Before blogs were commonplace or even the Internet for that matter, I was the mother with ‘that child’. Yes, the one with the child screaming at the top of her lungs while shopping at Target; the one you looked at in horror when the kid flailed on the ground because she demanded to have every last sweet at the check-out stand. Boy, I wish blogs had existed back in my early parenting days — then I would have known I wasn’t the only one who’d spawned a difficult child.
I went at it the old-fashion way, consulting books and my parents, and crying on my friends’ shoulders as they sat with their well-behaved kids at playgroups — and who probably hoped I’d leave before their kids got any ideas from my tempermental child.
Oh, so you think I didn’t know you sometimes felt sorry for me? I did. Like the time when you stared at me at the mall as I was carrying my kid’s inconsolable tiny body out to the car where she could wail in peace.
How about when you saw me trying to convince her she had had enough animal crackers while I picked up the mess she’d made at the restaurant? And, when the check out lady would ask you at the grocery store to “please let the lady with the crying child come to the front of the line”, I know you did it to help me out, right?
You also most likely hated me when you got the seat next to me on the airplane because my toddler wouldn’t shut up and let you sleep. And, you also thought she was a spoiled brat and that was probably why she was behaving this way.

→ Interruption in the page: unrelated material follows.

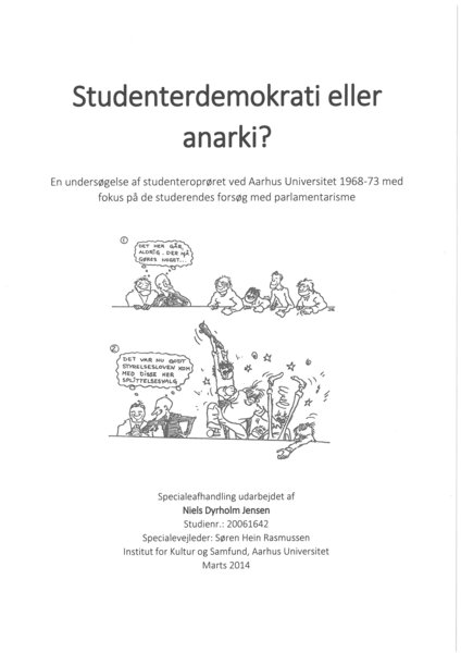 Sideløbende med volontørprojektet - men stort set uafhængigt heraf - har Niels Dyrholm Jensen i 2014 med anvendelse ikke mindst af arkivalier indsamlet af AU Universitetshistorie forfattet et universitetshistorisk speciale med titlen Studenterdemokrati eller anarki? En undersøgelse af studenteroprøret ved Aarhus Universitet 1968-73 med fokus på de studerendes forsøg med parlamentarisme.

“I would never allow my child to behave that way,” was doubtless going through your mind when you walked passed me at the toy isle and had to tip-toe over the crayons and small toys she had thrown about in an uncontrollable fit.
I know you did.
Why?
Because I thought the same things you did even while I was desperately trying not to rip my hair out (or my child’s) while counting to 100 during these temper tantrums.
These are the joys of having lucked out and birthed a difficult child.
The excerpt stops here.